Renee Zellweger has been having a rough time of it lately.
Fashion pundits singled her out as worst-dressed at the Golden Globes, and when Entertainment Weekly did a do-over poll about Oscar winners, voters said Shohreh Aghdashloo should have won the 2003 supporting award for "House of Sand and Fog" instead of Zellweger, who took it for "Cold Mountain." In fact, she came in last in the poll.
But no one is repossessing her Oscar, and while "New in Town," pairing Zellweger and Harry Connick Jr., doesn't reinvent the romcom, it's pleasant although utterly predictable. It's like movie mac and cheese, made not with a secret recipe or exotic ingredients but staples from the pantry and fridge.
Zellweger is Lucy Hill, a corporate climber in Miami who volunteers for a temporary assignment to retrofit and downsize a food plant in New Ulm, Minn.

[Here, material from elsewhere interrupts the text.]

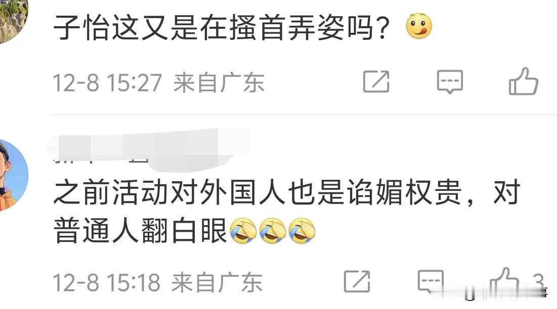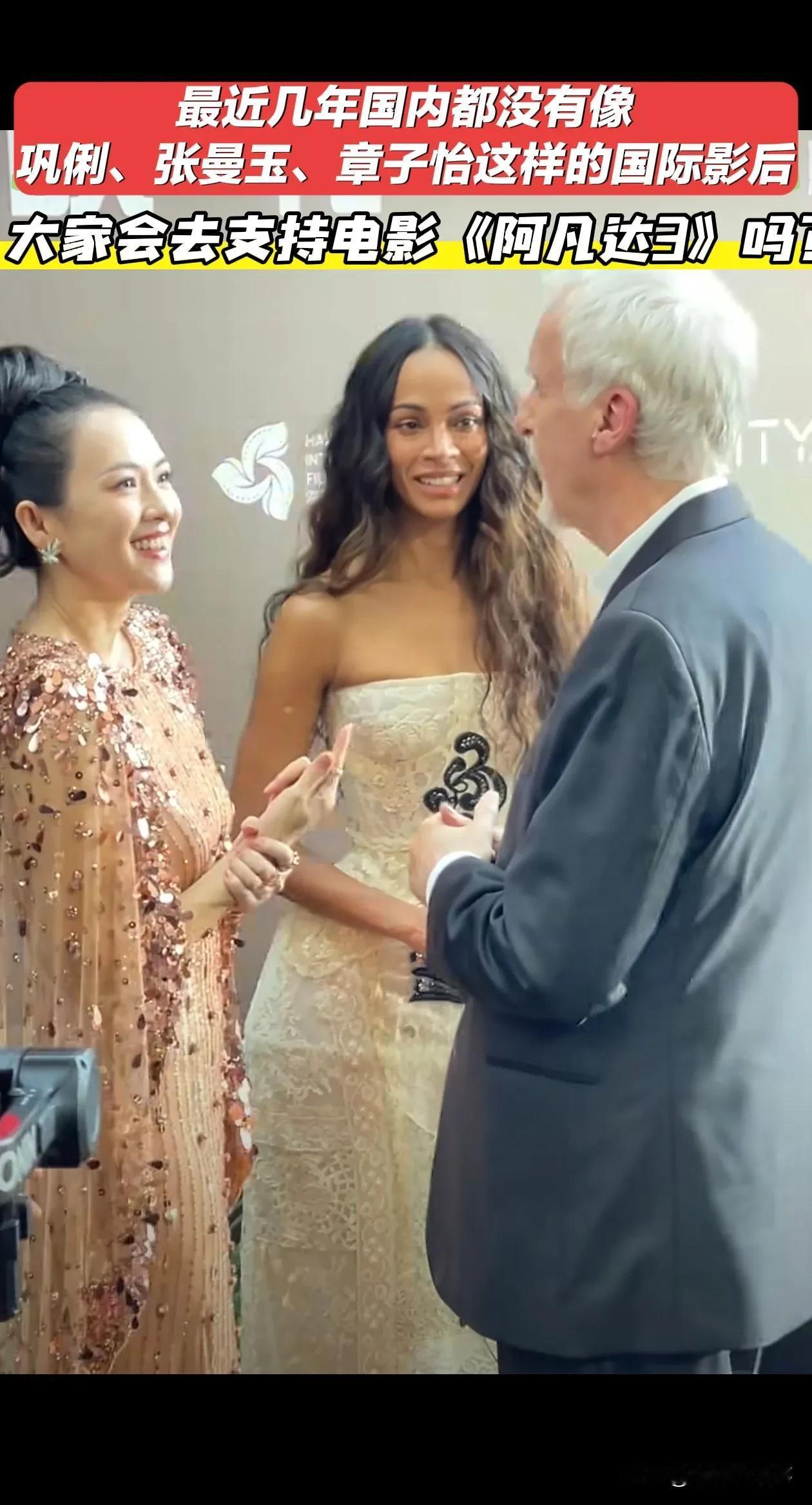 《阿凡达3》中国首映礼现场,导演詹姆斯·卡梅隆与章子怡热聊。 章子怡感谢导演给这几位中国演员 再一次参与阿凡达这个系列的机会。 网友:搔首弄姿,对外国人谄媚权贵,对国人翻白眼。 网友:人家导演来宣传有合作,章子怡也不能冷脸,不欢迎吧!

On Day One, she locks horns with widowed father Ted Mitchell (Connick), so you know love is in the cards. Almost as pre-destined is a twist about the fate of the factory in New Ulm, population 13,593, and you may have the light bulb over your head before anyone on screen does.
"New in Town" improves once Lucy quits being a warm-weather, big-city ninny.
No smart woman with access to a computer or The Weather Channel would wear high heels on a plane ride to Minnesota in the middle of winter and then teeter around a factory in them. For a person in her corporate position, she also proves incredibly gullible at times.
As she warms up to New Ulm, the movie warms up, too. The residents, with their love of scrapbooking and talk about finding Jesus, turn from cheap targets for laughs and scorn to near-characters played by the likes of J.K. Simmons, Siobhan Fallon and Frances Conroy.
A Dane named Jonas Elmer makes his English-language directing debut, with a script by C. Jay Cox ("Sweet Home Alabama") and Kenneth Rance. If the backdrop looks authentically frigid, that's because Winnipeg doubled for Minnesota and temperatures reportedly dipped to 53 below at times.
Zellweger has long been on the chick-flick or romcom radar, and Connick is a reliable go-to guy for heartbroken or lovelorn women, as he proved with "Hope Floats" and "Will & Grace."
"New in Town" absolutely is not in the same comedic class with, say, "Vicky Cristina Barcelona," "Bridget Jones's Diary" or "When Harry Met Sally." It's too bland and formulaic, but it does strike a nerve about job cuts and what they mean to the people behind the numbers.
In a case of sad serendipity, "New in Town" has never been more timely. It's just too bad that fairy-tale endings for working-class folks aren't spilling off the screen and into the real world these days.